The appearance of a volume of collected poems is an invitation to speculate on how the poet collected stacks up—always a risky business, given the provisional nature of literary taste. In a fit of impatience Ginsberg writes off the books on his shelves as "orient lore, poetry crap"—and there are critics who would say the same of his own work. Chaotic and hectoring, the long, Whitmanesque lines unfurl in apparent metrical anarchy, but no one who has ever heard Ginsberg read would call his prosody random. He has clearly served a rigorous apprenticeship, as the early imitations of Marvell and Donne (included in the appendix) demonstrate, and the long line he adopted in the 1950s exerts a hypnotic force. Poetry derives from oral literature; it was meant to be recited and sung. Ginsberg restores its original intent.

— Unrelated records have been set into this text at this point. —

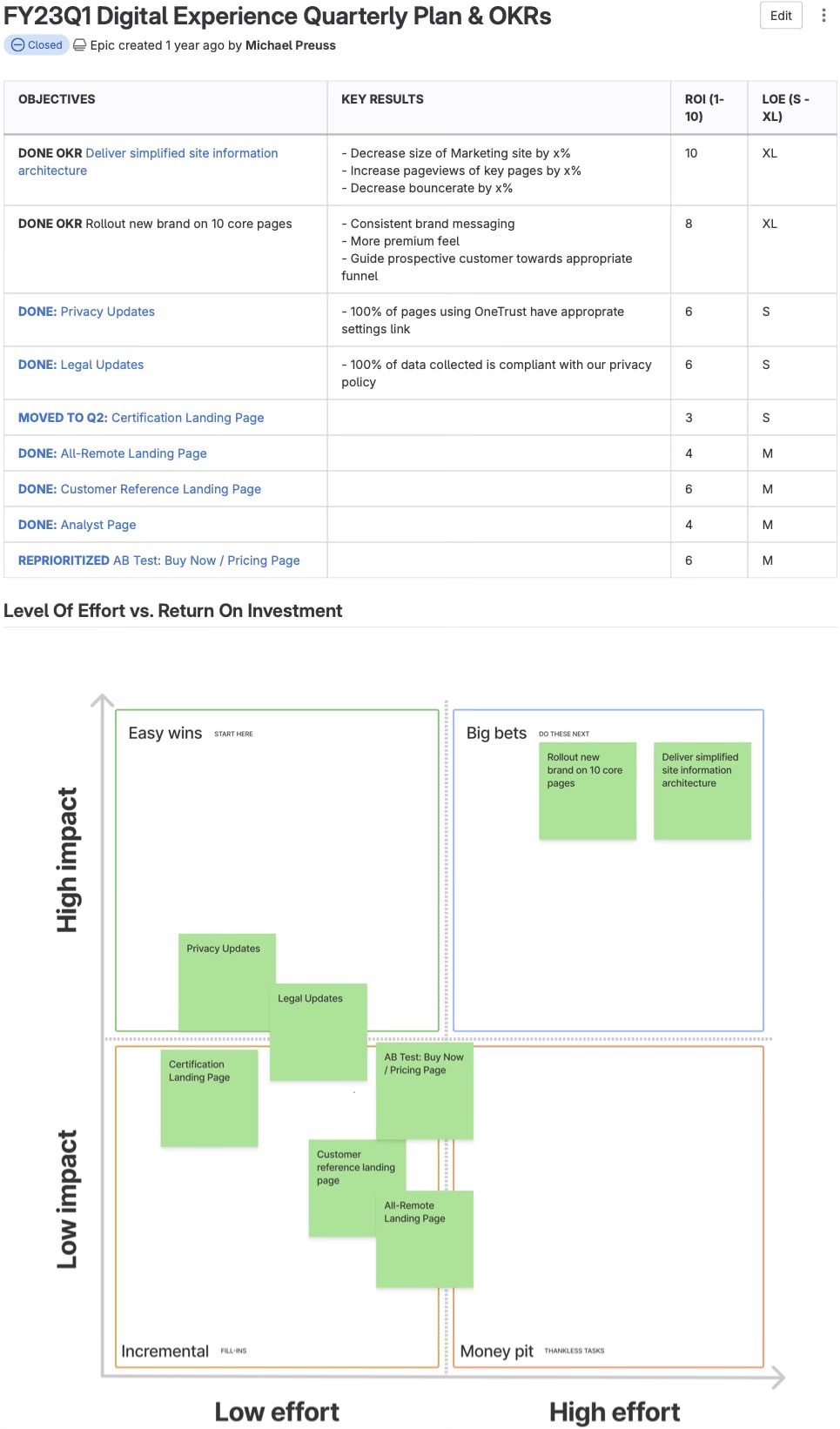 FY23Q1 Digital Experience Quarterly Plan & OKRs
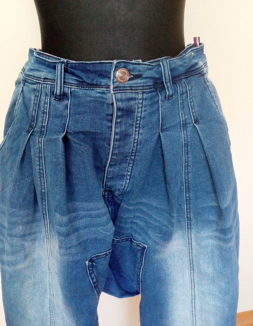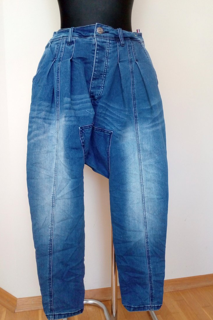 Niebieskie jeansy z obniżanym krokiem, nogawki przecierane, cztery kieszenie - dwie z przodu, dwie z tyłu, rozporek zapinany na metalowe guziki
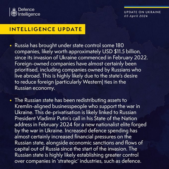 • Briti luureraport: Putin jagab valitud ettevõtteid Kremli-meelsetele ärimeestele. Venemaa on alates Ukraina sissetungi algusest 2022. aasta veebruaris võtnud riigi kontrolli alla umbes 180 ettevõtet umbes 11,5 miljardi dollari väärtuses. Briti luure andmetel jagab Vene riik varasid ümber Kremli-meelsetele ärimeestele, kes toetavad sõda Ukraina vastu. Nii loob Putin Ukraina-sõja toetajatest uut “eliidi”.

These poems are uneven, to say the least, but no more so than others just as ambitious (I'm thinking of William Carlos Williams's Paterson, Charles Olson's Maximus Poems, Robert Lowell's Notebook). Collected Poems is a vast, sprawling canvas, a portrait of postwar America. A handful of poems -- "Iron Horse," "Wales Visitation," the sequence "Don't Grow Old," the pastoral "Ecologue," a meditation on Ginsberg's farm in upstate New York, and "Kaddish," a twenty-page elegy to Ginsberg's psychotic mother—seem certain to survive. "A good poet is someone who manages, in a lifetime of standing out in thunderstorms, to be struck by lightning five or six times," Randall Jarrell once estimated; "a dozen or two dozen times and he is great." By this measure, Allen Ginsberg is doing well, and he still hasn't come in out of the rain.